Intro

This page gives some information on the various mechanisms to protect against buffer overflow exploits. Details depend on the kernel version, the vendor, the compiler version, the binutils version.

Address Space Layout Randomization

A recent kernel will by default randomize the address of the stack, the base address for memory areas allocated by mmap, the brk base address, and the address of the vdso page of a program, at exec() time. (In particular, shared libraries will be loaded at randomized addresses.) If this is not desired, the feature can be disabled system-wide by booting the kernel with the norandmaps boot parameter, or by
# echo 0 > /proc/sys/kernel/randomize_va_space
Can it be disabled for a specific program by modifying the ELF headers? Maybe not.
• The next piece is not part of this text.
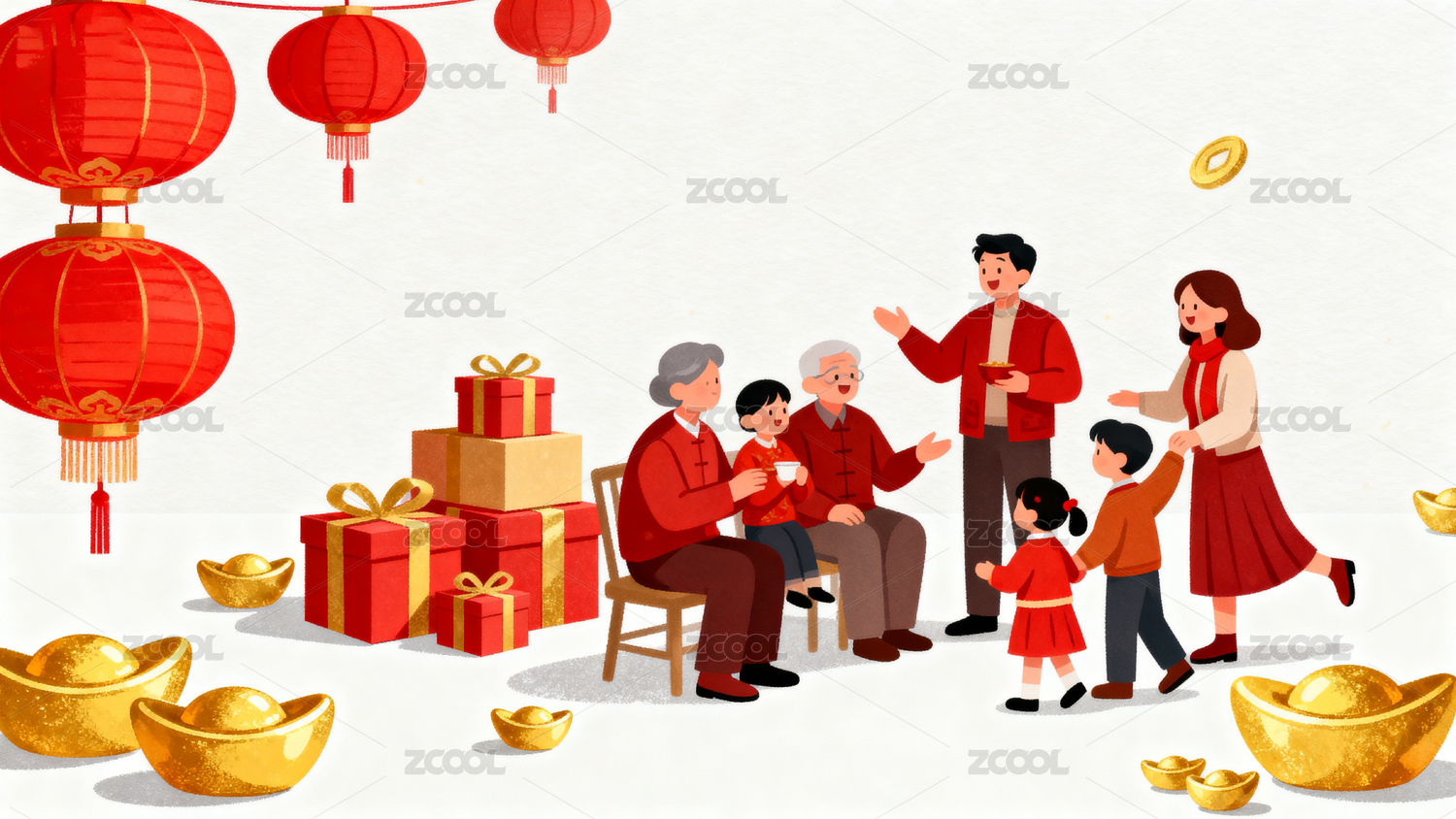 红色,椅子,装饰,礼物,盒子,新年,节日,喜庆,传统,灯笼
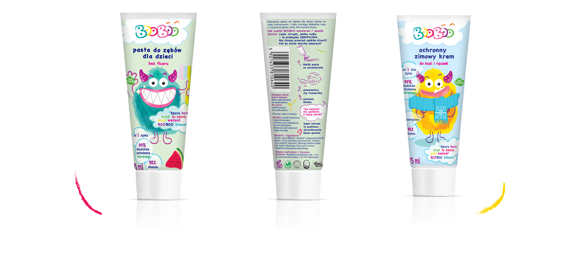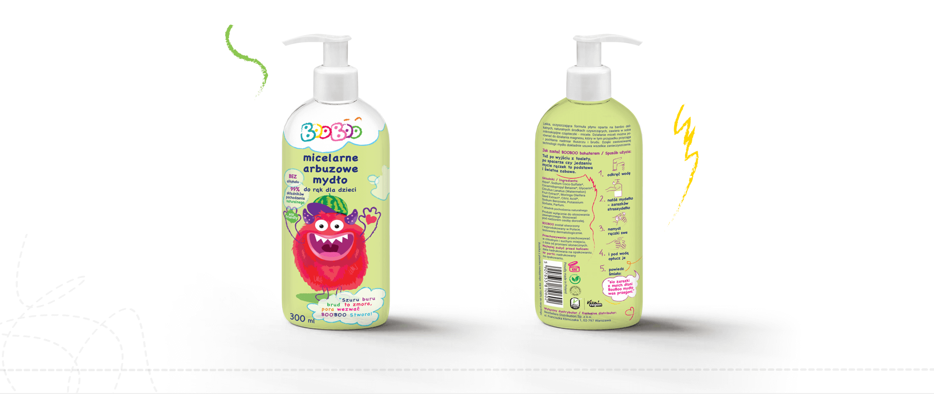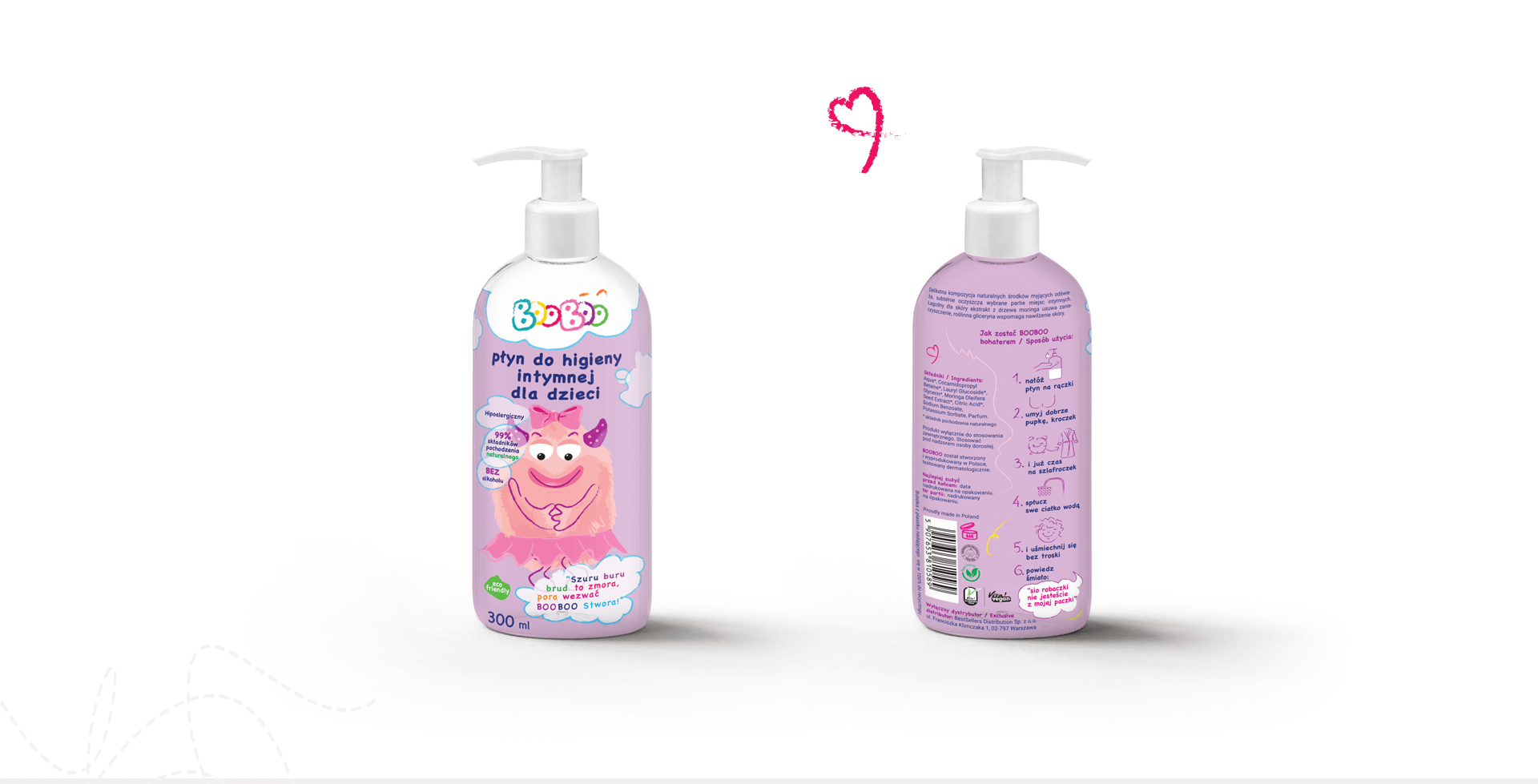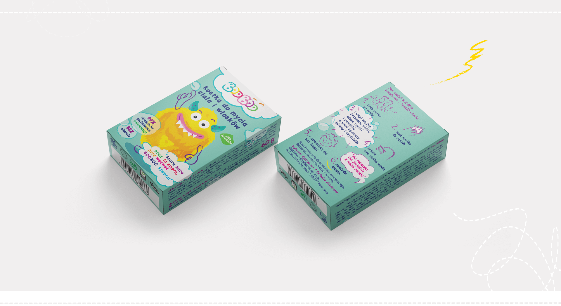 This brand concept was born in the head of our client and we added a bit ourselves, building an extremely interesting product line – micellar wipes, shampoo in wipes, a body washcube, an intimate hygiene liquid and a body gel. We have drawn a unique “BooBoo Creature” for each of the product, inspired by the function of the given product (e.g. hair washing = a creature with messy hair and bubbles).

But it can be disabled for a specific program invocation (and forked off children) by
% setarch `uname -m` -R program program_args
The utility setarch uses the personality() system call to set the ADDR_NO_RANDOMIZE personality flag, and then execs the given program. However, for setuid programs the kernel again strips the ADDR_NO_RANDOMIZE (and ADDR_COMPAT_LAYOUT. MMAP_PAGE_ZERO, READ_IMPLIES_EXEC) flags from the personality, even for the root user.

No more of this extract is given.